I’ve heard a few preachers say that they really only have one basic sermon–one essential message–that ends up having itself proclaimed over and over (albeit in a variety of ways) every time they stand in the pulpit.
I’m not a preacher in the typical sense, but Christianity has a number of habits that tug at our self-defined identities and make each of us exactly that which we want to leave for other people to be–priest, prophet, pastor, and even preacher. And, of course, sinner and stranger, too.
Today I met again for an hour with two passionate, caring, struggling, angry, hopeful, funny guys from poor, crime-ridden south Memphis. And I told them that whereas I only meet with them one hour once a week as they are going through their job training program together–these two guys from the same neighborhood with similar backgrounds–the greatest gift and the most important realization to be had in this situation is that God has given them to each other.
That’s really it–who am I? I’m just a guy from some other part of town and of a totally different background who has sat down with them for an hour a week for the past month. And on days like today, when they really just wanted to cut through all the crap and know what in the hell I’m doing meeting with them, I just tell them–I was just invited to be with you. That’s it. I’m not here to show you that my middle-class background is superior, I’m not here to fix you, counsel you, or to be the answer to your problems. I’m just here to be with you. I care about you, and I am most certainly not paid to be here.

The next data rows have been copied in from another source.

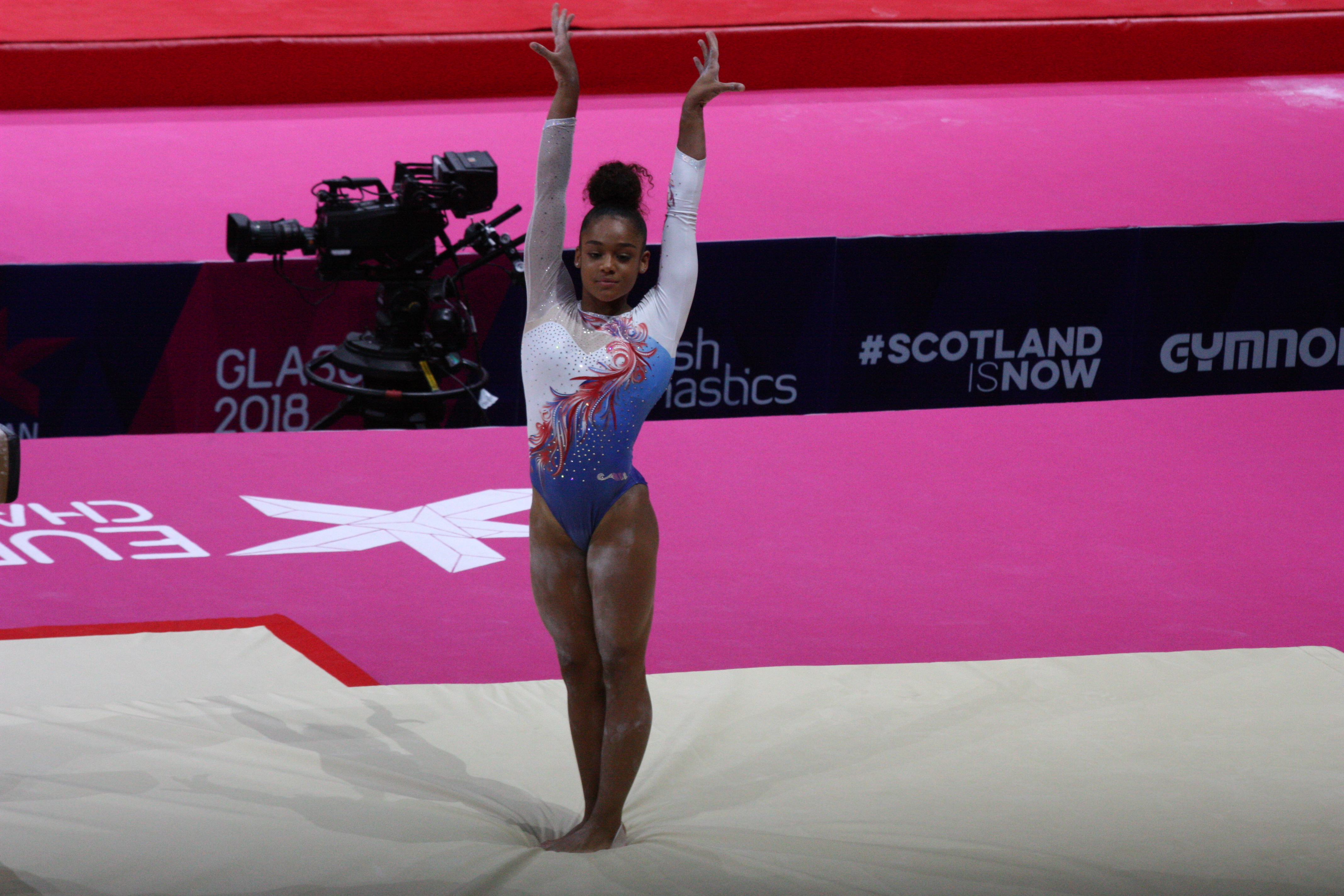 Mélanie de Jesus dos Santos during the qualifications of the 2018 European Championships in Glasgow.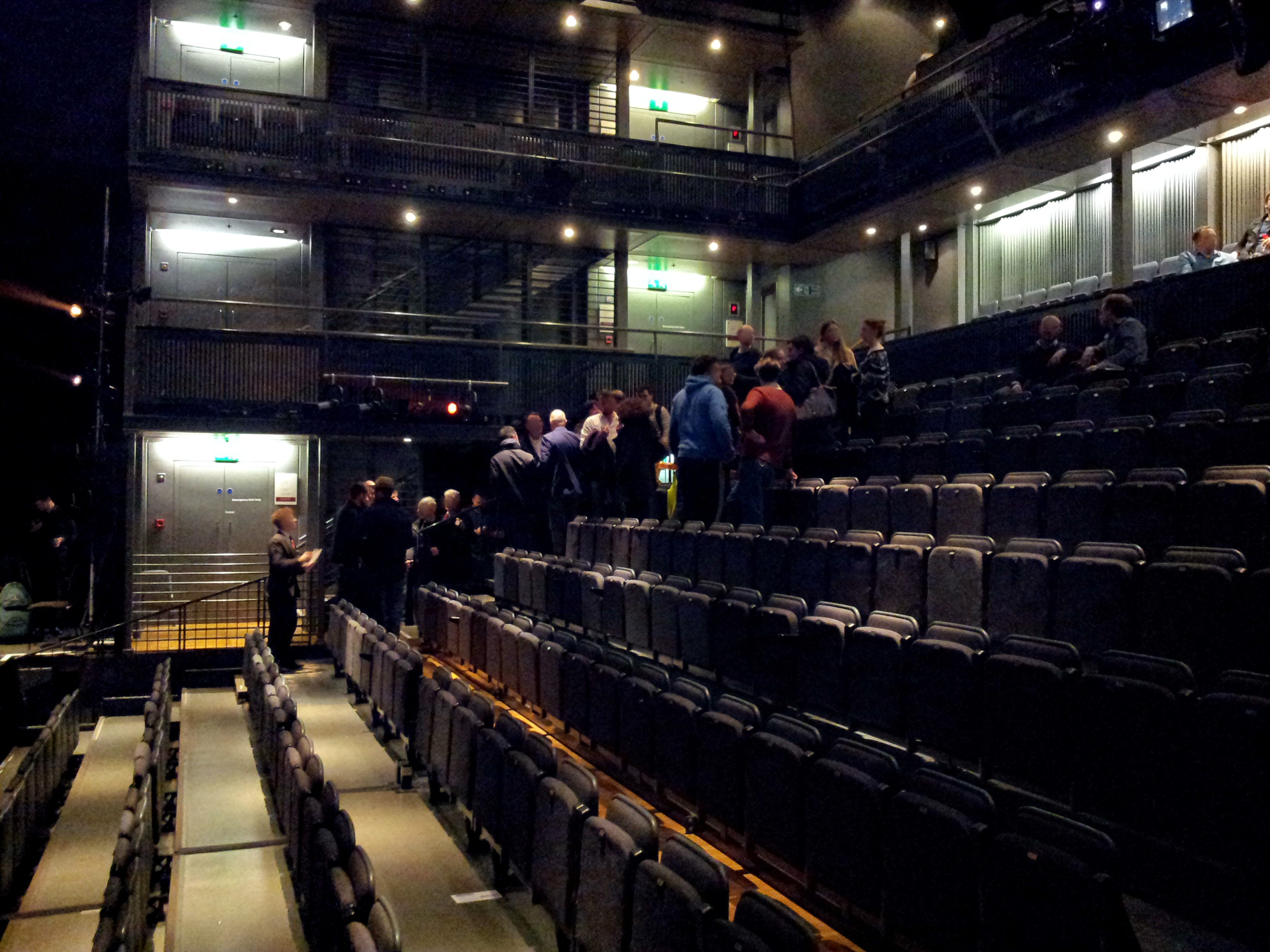 London, Royal Opera House Covent Garden. Interior of the Linbury Studio Theatre.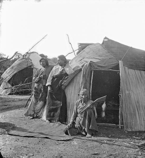 Wakandjaxega (Yellow Thunderbird) a Winnebago chief who reputedly was a centenarian when the picture was taken.

That last part was something they seemed especially curious about.
Thank you, they said.
Here I sit, and in a few days I’ll be off to Seattle to be with people that when I think about it, I realize–I really don’t know how or why I’m going to be with them. What led to this was my first time in the North Carolina Appalachian valley at the Wild Goose Festival this past July. Without going too much into it now, if I could summarize what happened (and is happening) through that time of being with fellow Jesus-followers in the camp chairs and under the tents beside a mountain river, I would do it this way: It was, in its most basic form, God saying, “HERE, have all these people.”

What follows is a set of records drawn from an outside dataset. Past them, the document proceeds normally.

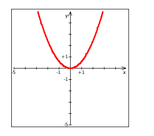 The function f ′ ( x ) = 3 5 x 2 {\displaystyle f'(x)={\frac {3}{5 x^{2 , the first derivative of File:Tweede afgeleide vb1.png.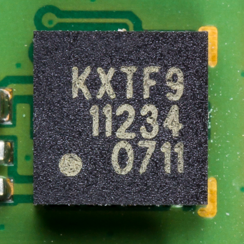 Motorola Xoom - Kionix KXTF9. MEMS Motion Sensing Accelerometer/Tri-axis Digital Accelerometer. Size: 3x3x0.9mm. Package: LGA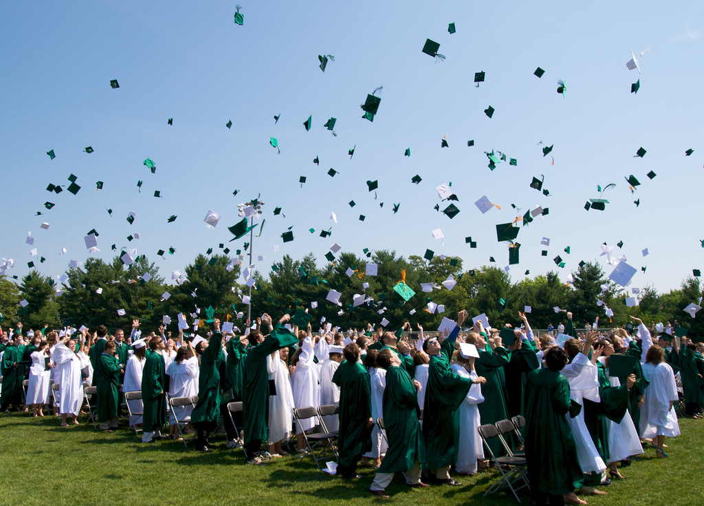 Valley graduation ceremony, June 2010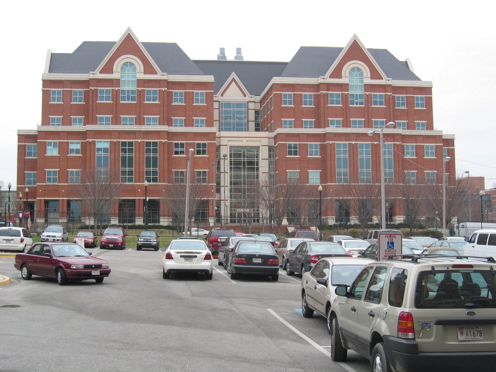 The Harry Jeanette Weinberg building, for inpatient and outpatient service.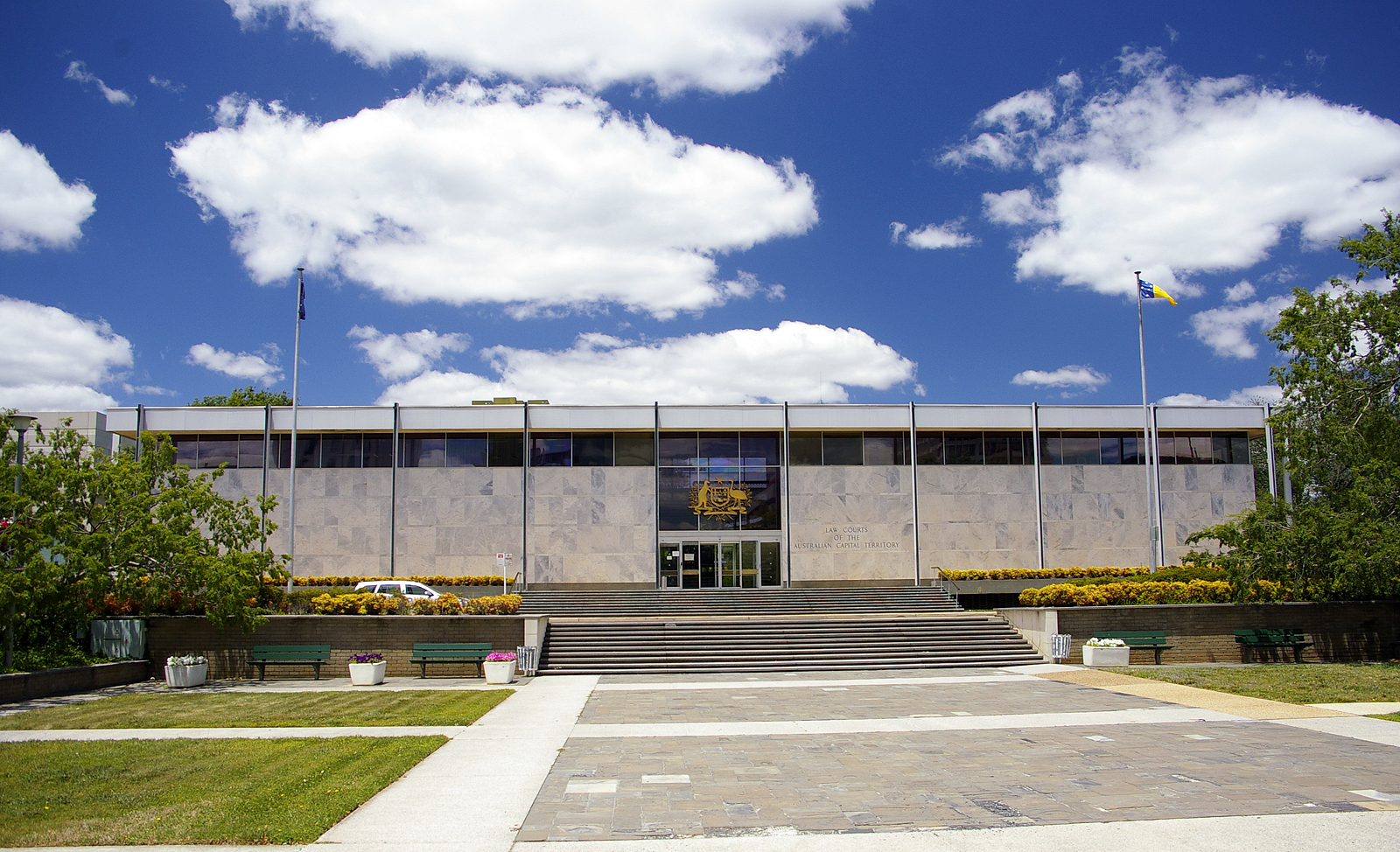 Law Courts of the Australian Capital Territory building which houses the Supreme Court of the Australian Capital Territory located on London Circuit in Canberra, Australian Capital Territory.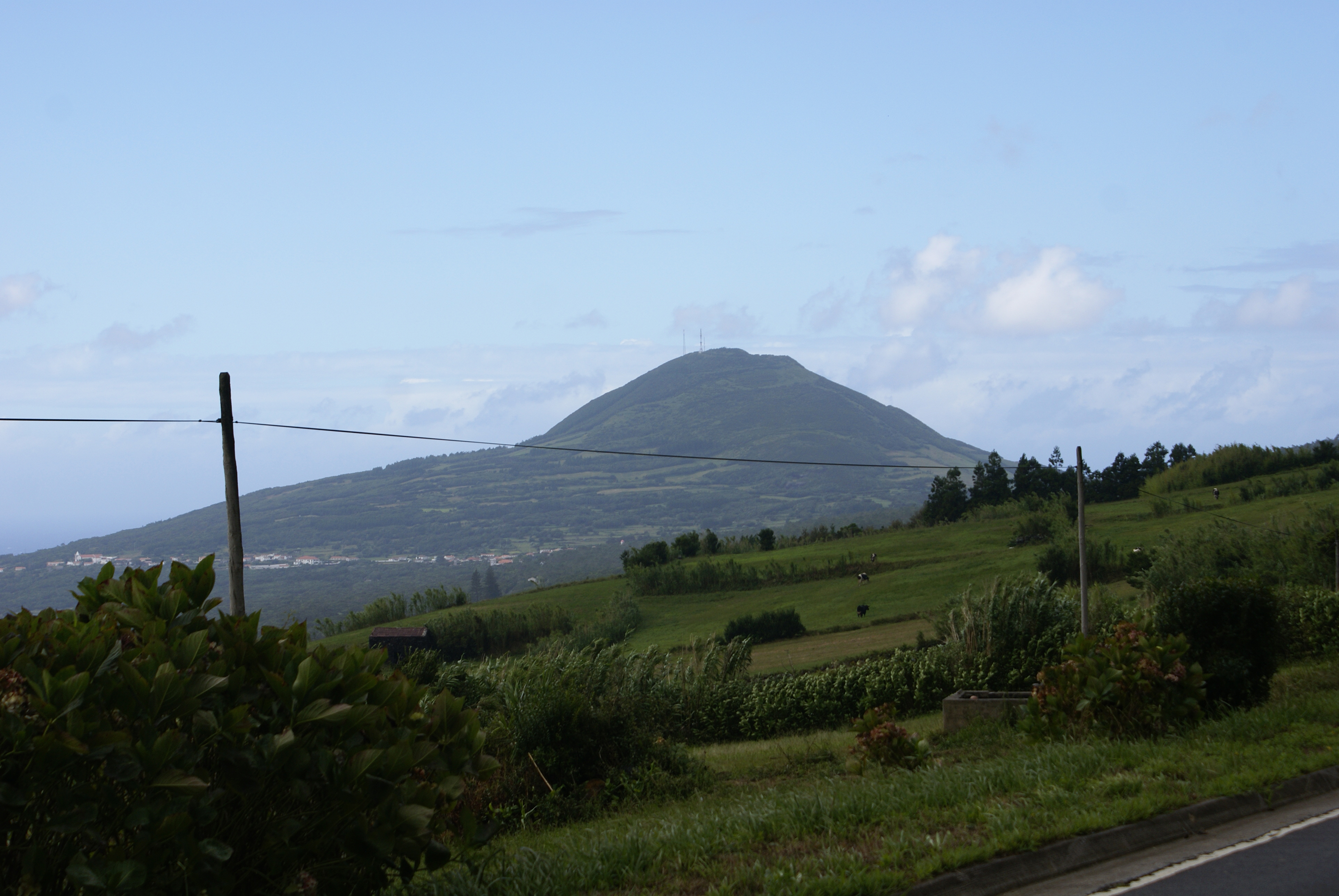 The volcanic cone of Cabeço Verde in the civil parish of Capelo, Horta, Faial (Azores), Portugal

And people–these people–are what I needed. Are what I need. Are going to continue to be what I need.
I just finished Accidental Saints: Finding God In All the Wrong People by Nadia Bolz-Weber. Her understanding of what a saint is means that it is at the same time just as comforting, encouraging, and inspiring, as it is unsettling and challenging that we don’t work our way to being people through whom God can work. We are instead surprised, as we are by any accident, to discover in others and-oh-my-Lord-in-ourselves the presence and activity of God.
Ultimately, I wasn’t given a theological lesson or an even more emotionally-charged admonition to work for justice at Wild Goose; I was just given people.
When Jesus comes proclaiming his message to Israel, it’s about Israel being who Israel was created to be–not for Israel’s sake alone but for all of those other nations.
When Paul writes his letters to groups of adherents to the Jesus movement in which he interprets what has happened through this person Jesus, it has to do with Jew and Gentile–us and them–being at the same table and actually sharing with each other–not just beliefs and possessions and meals–but themselves.
This is my one sermon. I’m already picking up on that. [SEE HERE.] In my understanding, being a part–or better–being INCLUDED in the people of God is the definition of salvation. Not heaven, not eternal mansions, not ethereal immortal spirits. Being a part of this thing is. Having each other, being welcomed to each other, experiencing the genuine, divine hospitality is the very definition of our salvation and ultimate destiny.
And God’s grace is so often revealed in God’s timing–the miraculous timing of giving to us the right people at the right time.
Goodness gracious, I hope you know what this is like. It’s the best thing there is, the highest gift of God.
We can’t do this ourselves, yes, but that’s really only truly profound if we understand that it’s because everything is not even about ourselves but about the others who have been given to us.
So, why did I share on Facebook Buzzfeed’s video of a variety of Muslims saying to the camera, “I’m a Muslim but I’m not … [insert stereotype]” but simply didn’t care a lick about posting the video of Christians saying, “I’m a Christian, but I’m not … [insert stereotype]”?
Because it’s not about creating God’s word of grace for me–it’s about telling, announcing, proclaiming God’s word of grace to each other and on behalf of each other.
Oh, and also receiving God’s word of grace for me and about me from … oh-no-wait-for-it–other people.